The Wilson family arrives at their Santa Cruz beach house, eager for a summer escape that echoes the carefree vibes of 1980s family outings, only for their night to erupt into chaos. Doppelgangers clad in red jumpsuits, scissors in hand, invade their home, kicking off a night of relentless pursuit. Peele sets the stage with deliberate nostalgia: the boardwalk’s thrumming energy, fireworks painting the sky, and a haunting Hands Across America commercial that plants the seeds of unease. This opening lures viewers into familiarity before yanking them into the abyss.

Adealaide Wilson, played with quiet intensity by Lupita Nyong’o, carries a childhood trauma from that very boardwalk, a shadow that foreshadows the literal shadows to come. Her husband Gabe, a successful everyman portrayed by Winston Duke, brushes off her apprehensions, embodying the oblivious comfort of middle-class life. Their children, Zora and Jason, add layers of youthful vulnerability, their reactions amplifying the stakes. As the tethered versions emerge, the film flips the script on home invasion tropes, making the intruders not faceless killers but distorted reflections of the protagonists themselves.
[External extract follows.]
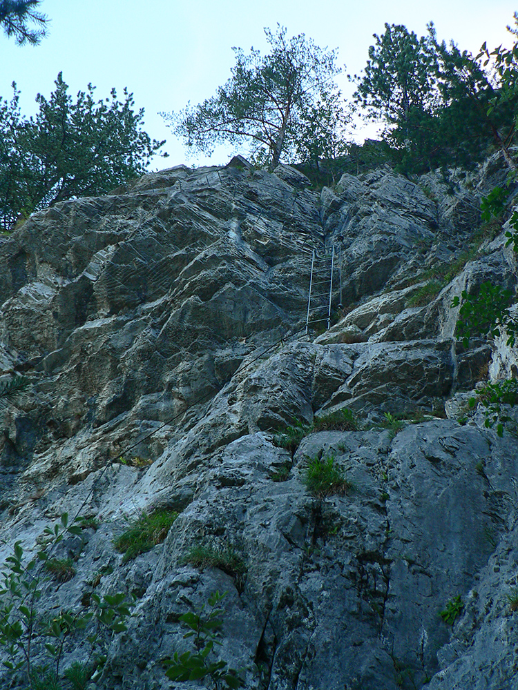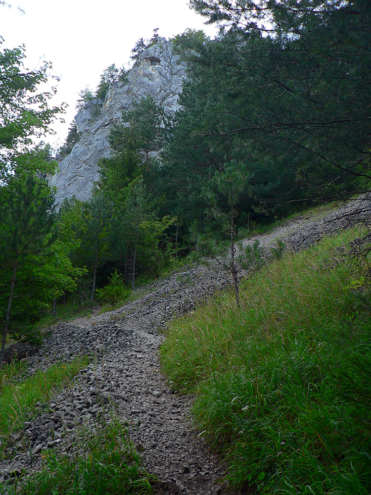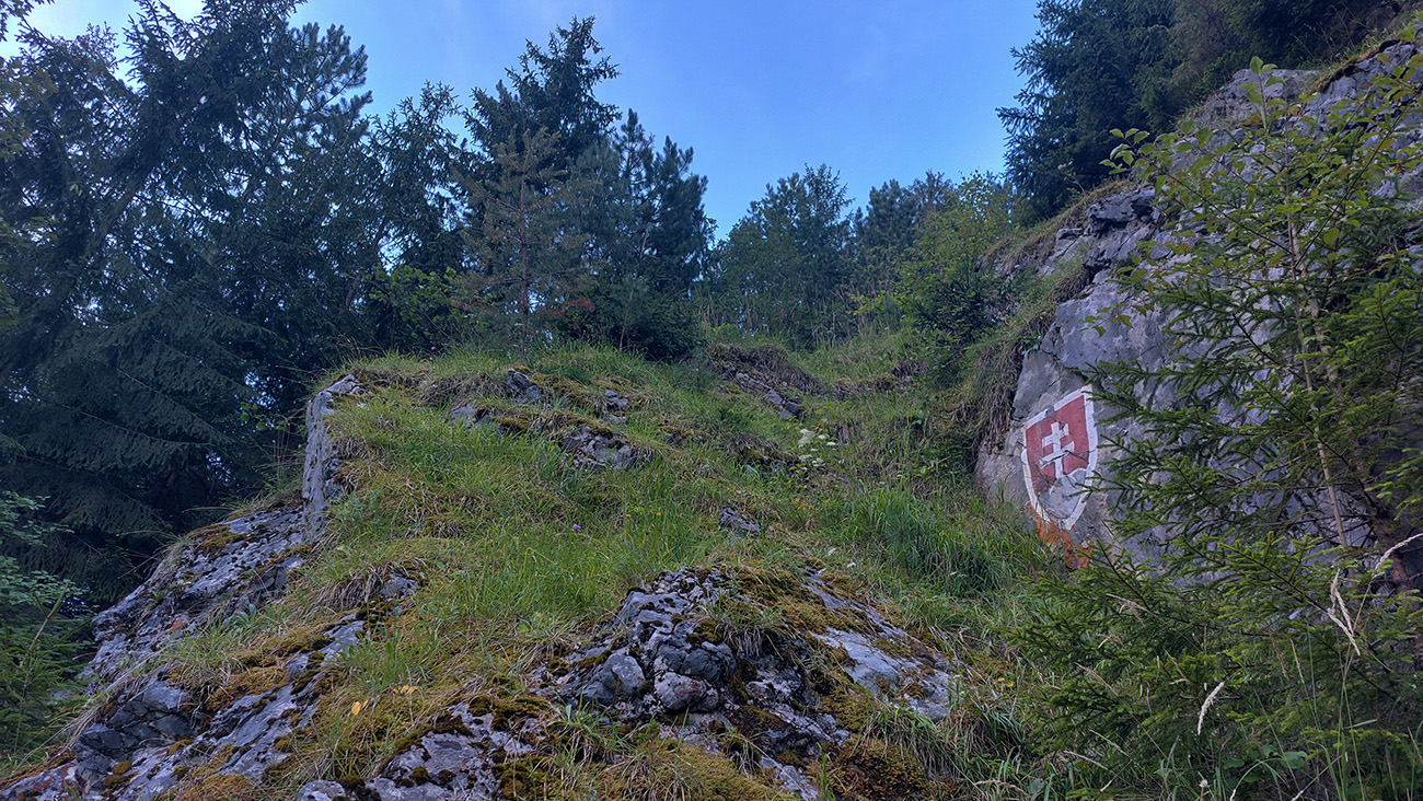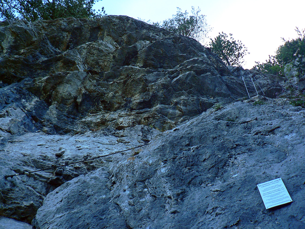 Dole dolinou len kúsok, minul som výjazd z bajktrailu Anakonda (TU) a o chvíľu už ma ťahala výrazná odbočka doprava, do starého lomu pod Hoblíkom. Na jeho začiatku zas doprava – ani tu sa nedá minúť odbočka z rovného do strmého chodníka, ktorý cikcakmi neomylne vedie hore, v ústrety bralám. A k nástupu do cvičnej ferraty, ktorej železo je ale zavesené dostatočne vysoko, aby nevybavených náhodných okoloidúcich veľmi nelákalo štverať sa hore. Aj pokyny na ceduľke hovoria jasne. Na vyhliadku nad ferratou sa dá dostať samozrejme zhora po chodníku.
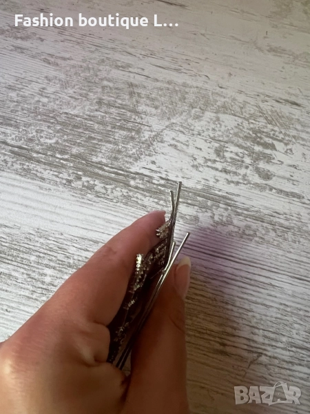Комплект от 2 броя сребърни фиби за косата с блестящи камъчета ❤️ → Обява 52333246

The tethered, or the doubles, move with jerky, unnatural grace, their faces twisted into silent screams. Peele draws from underground horror archetypes, evoking the subterranean horrors of films like The Mole People, but infuses them with contemporary bite. Each pair mirrors mannerisms perfectly yet subverts them: the tethered Gabe lunges with primal fury, contrasting his surface-level counterpart’s buttoned-up restraint. This symmetry builds dread organically, forcing audiences to confront the uncomfortable truth that evil might lurk within familiarity.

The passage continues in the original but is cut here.